Actually u don't need the exact form of the basis vectors and neither the operators,but that's another story.

Daniel.

 

[assyrian_77]

I know, that is the basis I used. I meant ignore the fact that I thought this wasn't the basis. I was wrong.

There is of course a simpler way of getting the energies. Simply by using

$H=\frac{1}{2}J(S_{tot}(S_{tot}+1)-S_1(S_1+1)-S_2(S_2+1))$

where $S_1=S_2=\frac{3}{2}$ and $S_{tot}$ takes the values 3,2,1, and 0.

However, doing it this way, how can I find out the degeneracies?

 

[dextercioby]

How did u get that Hamiltonian...?

Daniel.

 

[assyrian_77]

Ok, we have $H=J\bar{S}_1\cdot\bar{S}_2$.

However, we know that $\bar{S}_{tot}=\bar{S}_1+\bar{S}_2$.

Squaring both sides: $\bar{S}_{tot}^2=(\bar{S}_1+\bar{S}_2)^2=\bar{S}_1^2+\bar{S}_2^2+2\bar{S}_1\cdot\bar{S}_2$.

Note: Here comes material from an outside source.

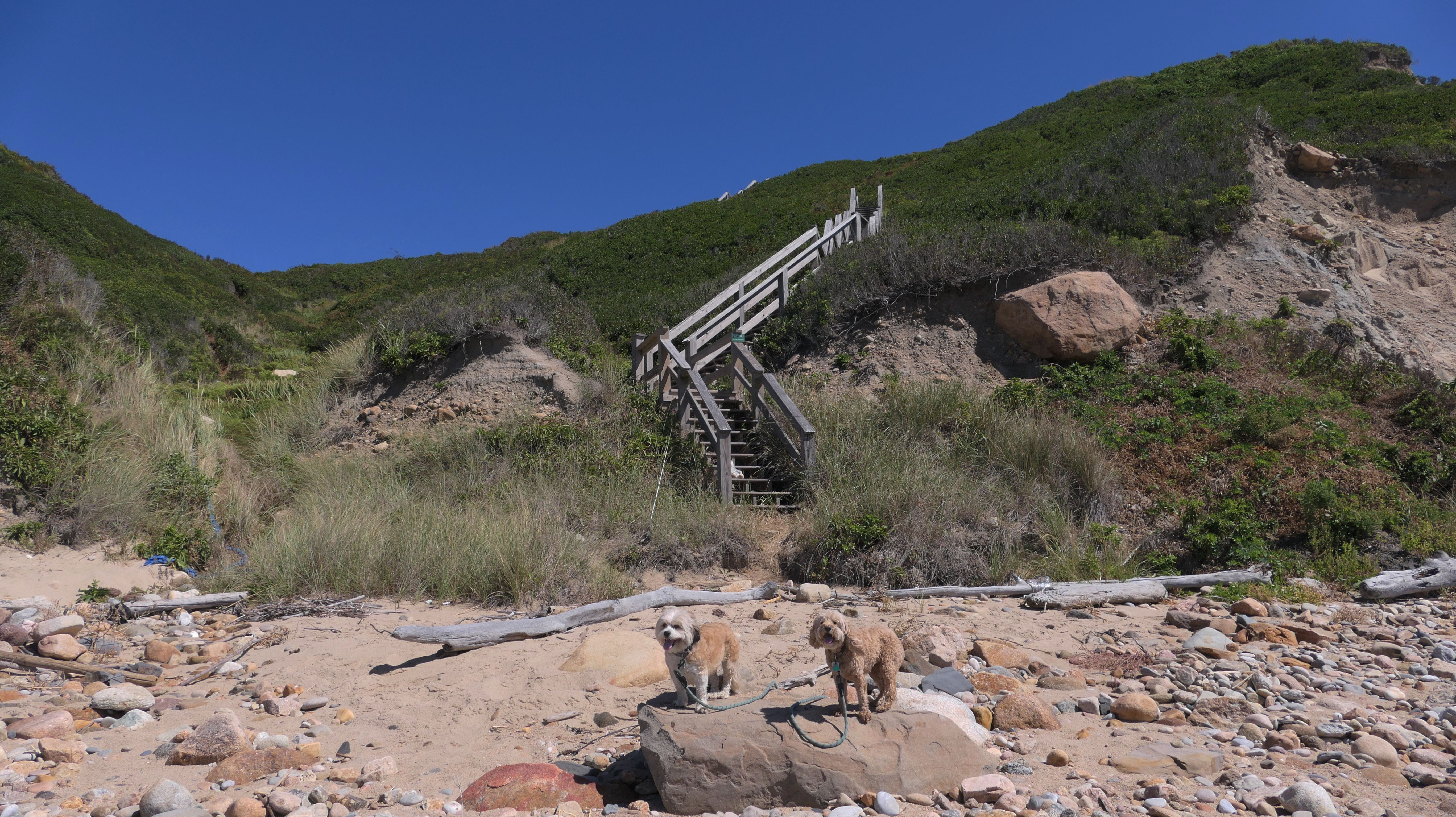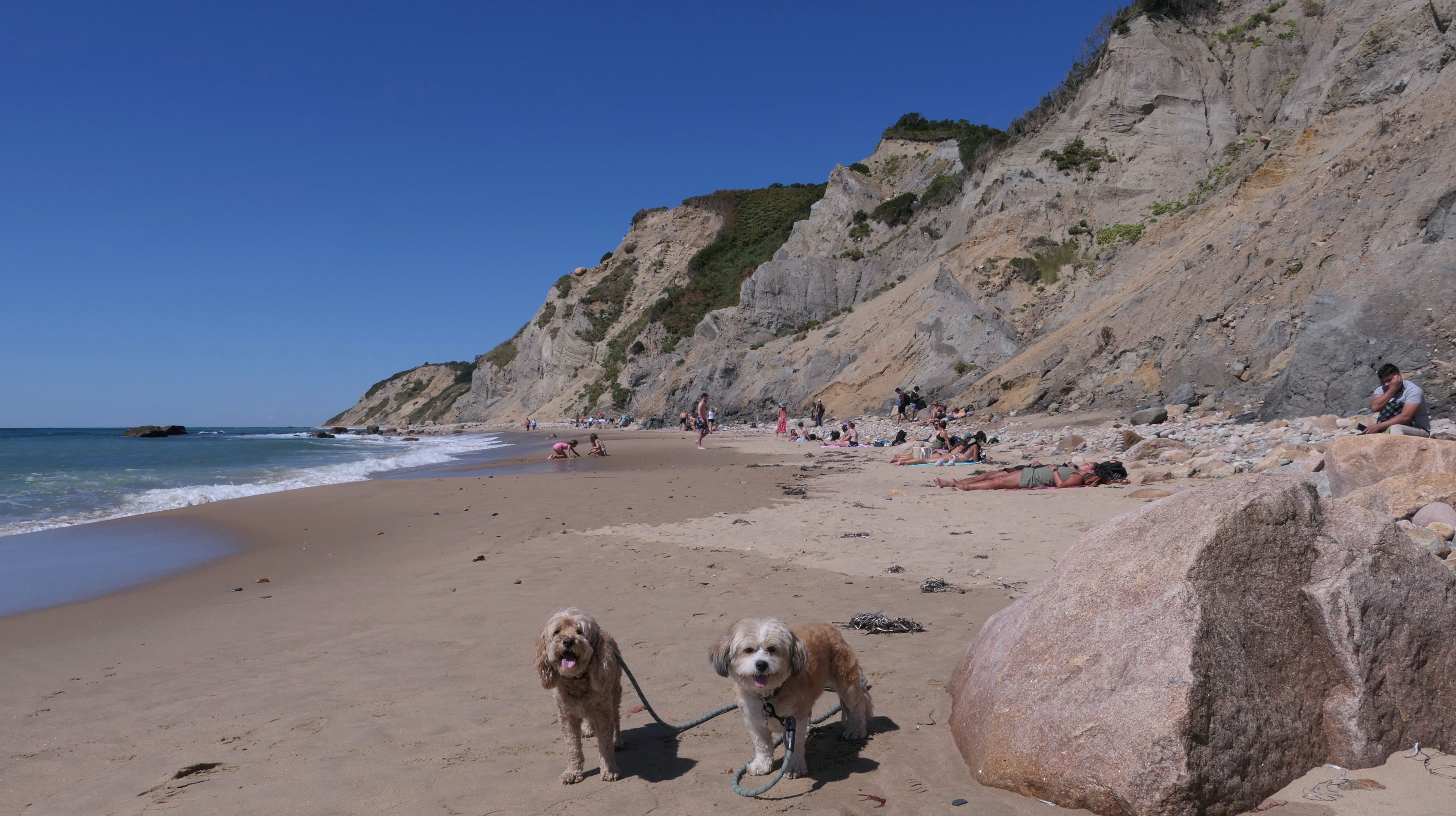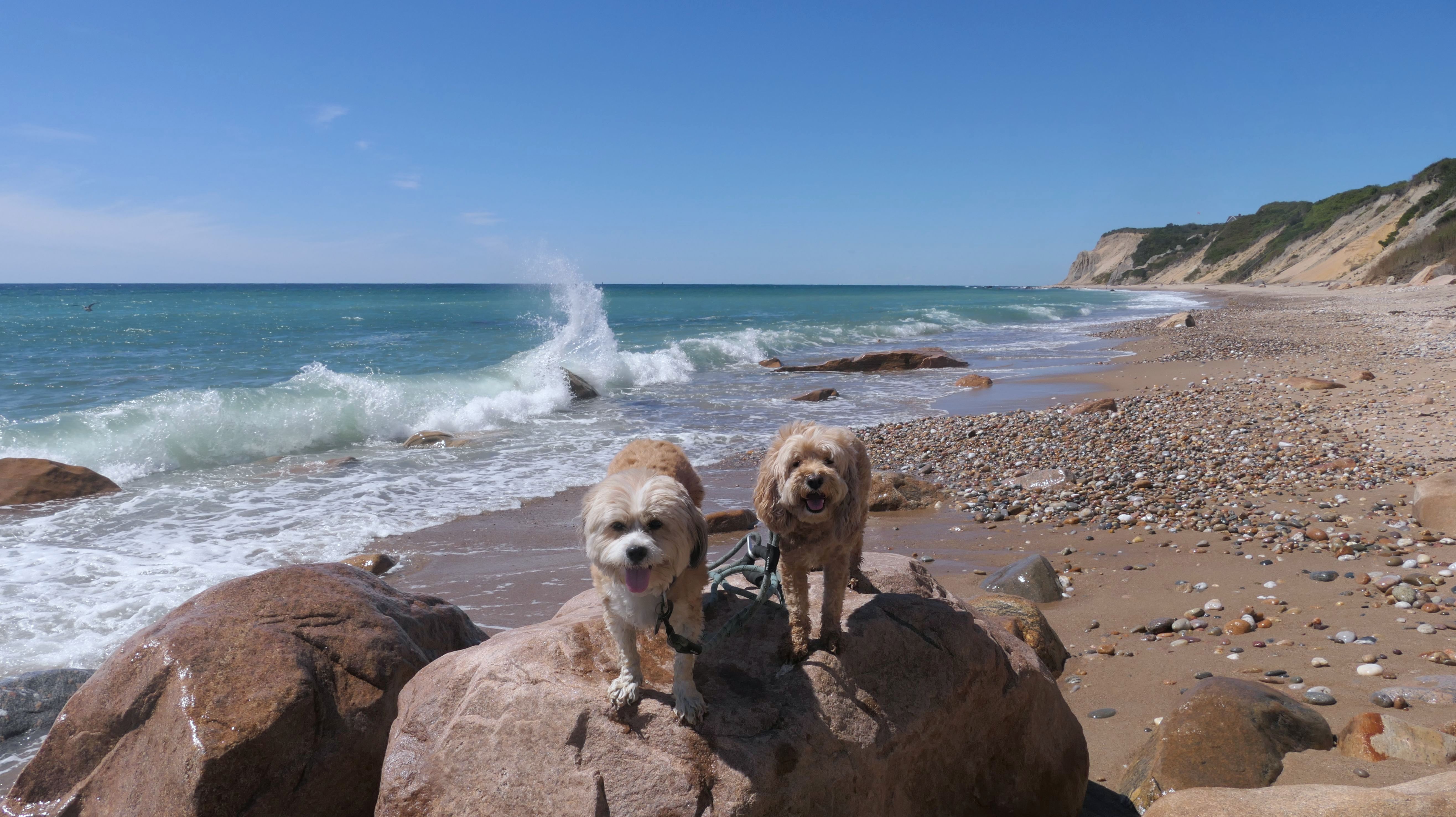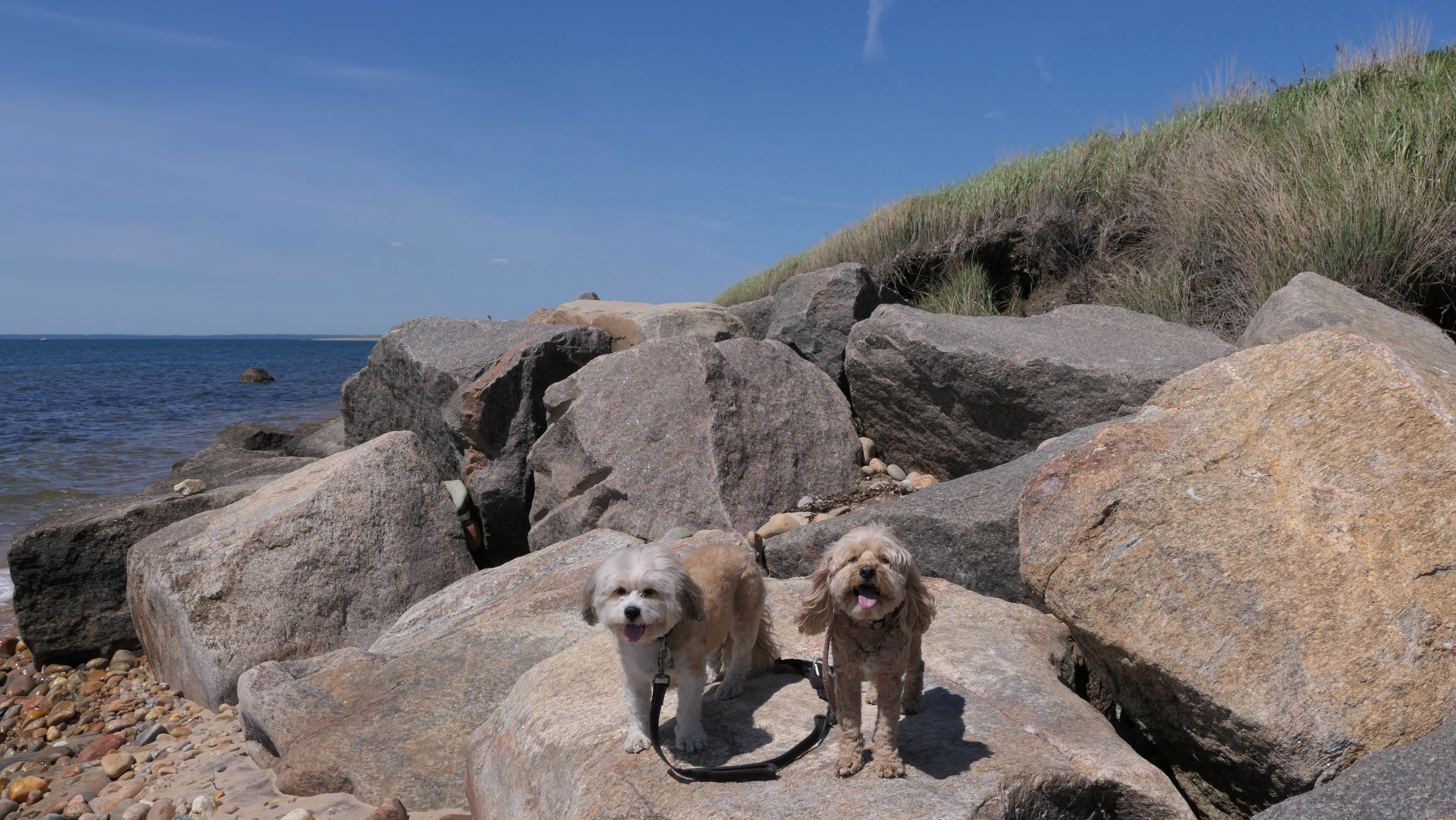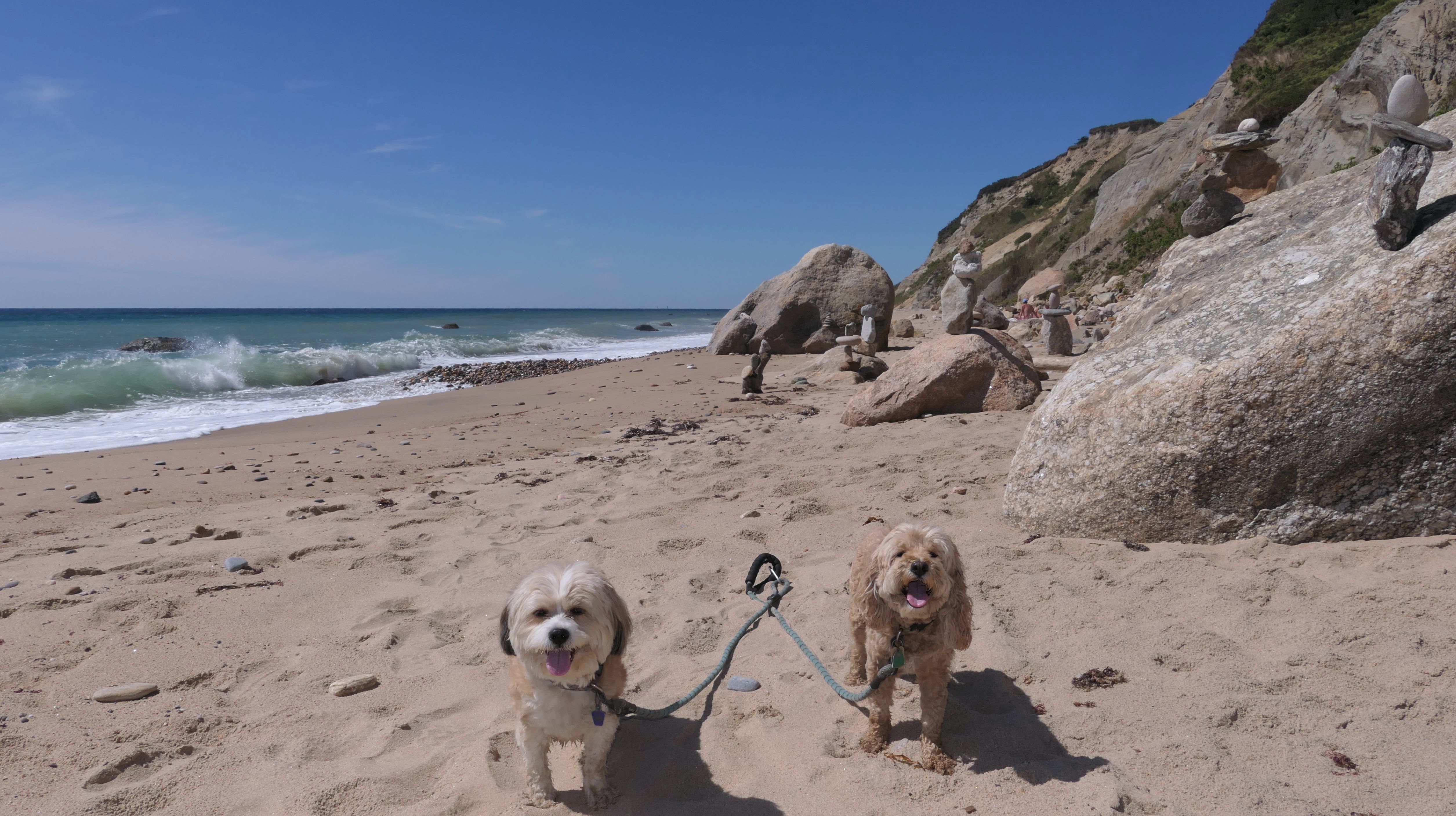 This was the highlight of this trip to Block Island. A couple months earlier we visited the Edward S Payne Overlook, and walked part way down the 141 steps, but did not go all the way down to the beach. This time, we were bound and determined to make it to the beach, so we went all the way down. At the bottom of the stairs is actually a series of rocks that have to be traversed carefully to get to the beach. Once at the bottom, we walked about a mile and a half along the beautiful shore, over to Vaill Beach before turning around and heading back. The views were gorgeous. The beach is a mix of sandy and rocky areas, with plenty of spots for great photos. One thing to be aware of, a section of the beach about a quarter mile from the stairs around the first bend, appears to be unofficially clothing optional. We encountered one nearly naked man sun bathing with his wife (he was wearing only a hat). His wife was wearing a bathing suit. Just something to be aware of. While we were walking back, I let the dogs off-leash to run around a bit. They always enjoy running free on the beach! We made it up the 141 steps on our way back with no issue. The hardest part was climbing over the rocks leading to the staircase. The area had gotten real busy, and there were people just sort of mulling around the rocks, making it difficult to get by. Once we got past that, the walk up wasn't too bad. I'm definitely glad we made it to this beach this time around. It was definitely worth the climb!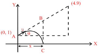 A particle is projected from a point (0, 1) on Y-axis (assume + Y direction vertically upwards) aiming towards a point (4, 9). It fell on ground along x axis in 1 sec.

Hence, the Hamiltonian can be written $H=\frac{1}{2}J(\bar{S}_{tot}^2-\bar{S}_1^2-\bar{S}_2^2)$.

Therefore, the energy eigenvalues (and not the Hamiltonian, sorry) are

$$E=\frac{1}{2}J(S_{tot}(S_{tot}+1)-S_1(S_1+1)-S_2(S_2+1))$$


where I used $S^2|\Psi\rangle=S(S+1)|\Psi\rangle$ (with $\hbar=1$).

Still, doing it like this, I don't know how I can find out the degeneracies.